We cannot show 512-dimensional vectors visually, but using **Principal Component Analysis (PCA)** we can project the 512 dimensions onto a 2-dimensional space while preserving the maximum amount of data variation possible. This is just a visual aid for us to understand the concept. If you would do any caluclation, like distances between two images, this would be done with the whole 512-dimensional embedding vectors.

In [None]:
embedding_tensor = torch.cat((bruce_embeddings, neil_embeddings, pam_embeddings)).to(device = 'cpu')
pca = sklearn.decomposition.PCA(n_components=2)
pca_tensor = pca.fit_transform(embedding_tensor.detach().numpy())

In [None]:
colors = ['blue'] * 15 + ['orange'] * 15 + ['magenta'] * 15

plt.scatter(pca_tensor[:,0], pca_tensor[:,1], c=colors, marker = 'x')
green_patch = mpatches.Patch(color='blue', label='Bruce Lee')
orange_patch = mpatches.Patch(color='orange', label='Neil Patrick Harris')
purple_patch = mpatches.Patch(color='magenta', label='Pam Grier')

plt.title('PCA Representation of the Image Embeddings')
plt.legend(handles=[green_patch, orange_patch, purple_patch])

Great! The images corresponding to each individual are separated from each other in the embedding space!

If Neil Patrick Harris wants to unlock his phone with facial recognition, the phone takes the image from the camera, calculates the embedding and checks if it is close to the registered embeddings corresponding to Neil Patrick Harris.

---
# Section 10: Ethics – bias/discrimination due to pre-training datasets
Popular facial recognition datasets like VGGFace2 and CASIA-WebFace consist primarily of caucasian faces. 
As a result, even state of the art facial recognition models [substantially underperform](https://openaccess.thecvf.com/content_ICCV_2019/papers/Wang_Racial_Faces_in_the_Wild_Reducing_Racial_Bias_by_Information_ICCV_2019_paper.pdf) when attempting to recognize faces of other races.
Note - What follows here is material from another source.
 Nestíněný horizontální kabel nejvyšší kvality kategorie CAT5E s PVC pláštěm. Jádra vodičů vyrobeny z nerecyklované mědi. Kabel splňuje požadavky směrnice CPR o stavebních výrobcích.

Given the implications that poor model performance can have in fields like security and criminal justice, it's very important to be aware of these limitations if you're going to be building facial recognition systems.
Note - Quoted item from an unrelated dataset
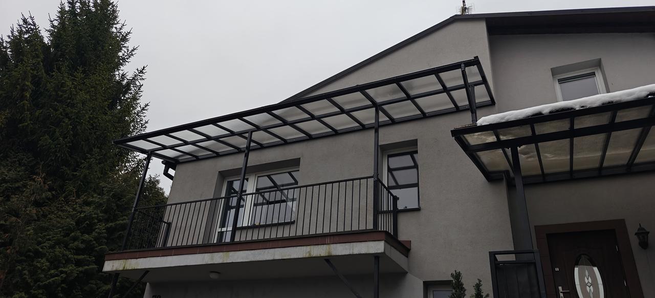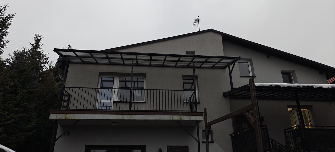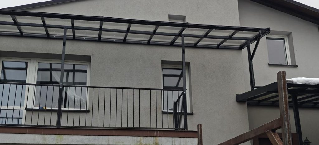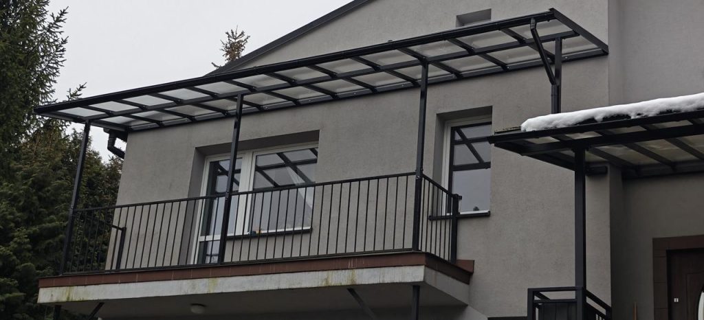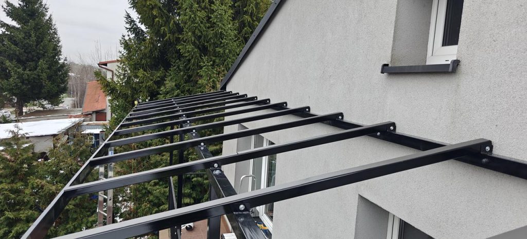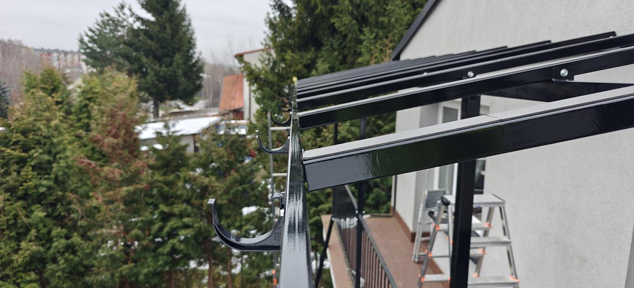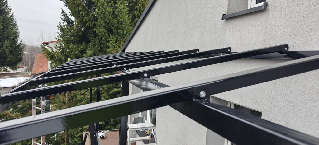Konstrukcja nośna wykonana jest ze stali ocynkowanej oraz malowana proszkowo na czarny błysk, co zapewnia maksymalną odporność na korozję, warunki atmosferyczne oraz obciążenia mechaniczne. Ocynk ogniowy gwarantuje trwałość na poziomie wieloletniej eksploatacji bez konieczności dodatkowej konserwacji. Dzięki temu zadaszenie balkonu jest stabilne, wytrzymałe i odporne na odkształcenia spowodowane wiatrem, śniegiem czy zmianami temperatur.

In this example we will work with a small subset from the [UTKFace](https://susanqq.github.io/UTKFace/) dataset with 49 pictures of black women and 49 picture of white women. We will use the same pretrained model as in Section 8, see and discuss the consequences of the model being trained on an imbalanced dataset.

In [None]:
#@title Video 9: Ethical aspects
from IPython.display import YouTubeVideo
video = YouTubeVideo(id="9i8fQwd5fak", width=854, height=480, fs=1)
print("Video available at https://youtube.com/watch?v=" + video.id)

video

In [None]:
# @title Download Data
!git clone --quiet https://github.com/richardvogg/face_sample.git
!unzip -q face_sample/face_sample2.zip

### Load, view and transform the data

In [None]:
black_female_tensor, black_female_display = process_images('face_sample2/??_1_1_*.jpg', size = 200)
white_female_tensor, white_female_display = process_images('face_sample2/??_1_0_*.jpg', size = 200)
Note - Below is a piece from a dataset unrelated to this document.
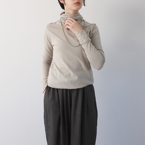 コットンですがボリュームのあるタートルネックで寒い時期でもしっかりと首元をあたたかく覆ってくれます。ナチュラルな色味だけでなく赤やグリーンなど NARUでしかない差し色も魅力です。毎年出る新色を楽しみにしておられる方も多くNARUのロングヒットアイテムです。

We can check the dimensions of these tensors and see that for each group we have images of size 200x200 and three channels (RGB) of 49 individuals.

In [None]:
print(white_female_tensor.shape)
print(black_female_tensor.shape)

In [None]:
# @title Visualize some example faces
display_tensor = torch.cat((white_female_display[:15], black_female_display[:15]))

plt.figure(figsize=(12,12))
plt.imshow(make_grid(display_tensor, nrow = 15).permute(1, 2,0,))

### Calculate embeddings

We use the same pretrained facial recognition network as in section 8 to calculate embeddings. If you have memory issues running this part, go to Edit > Notebook settings and check if GPU is selected as Hardware accelerator. If this does not help you can restart the notebook, go to Runtime -> Restart runtime.

In [None]:
resnet.classify = False
black_female_embeddings = resnet(black_female_tensor.to(device))
white_female_embeddings = resnet(white_female_tensor.to(device))

We will use the embeddings to show that the model was trained on an imbalanced dataset. For this, we are going to calculate a distance matrix of all combinations of images, like in this small example with n = 3 (in our case n = 98).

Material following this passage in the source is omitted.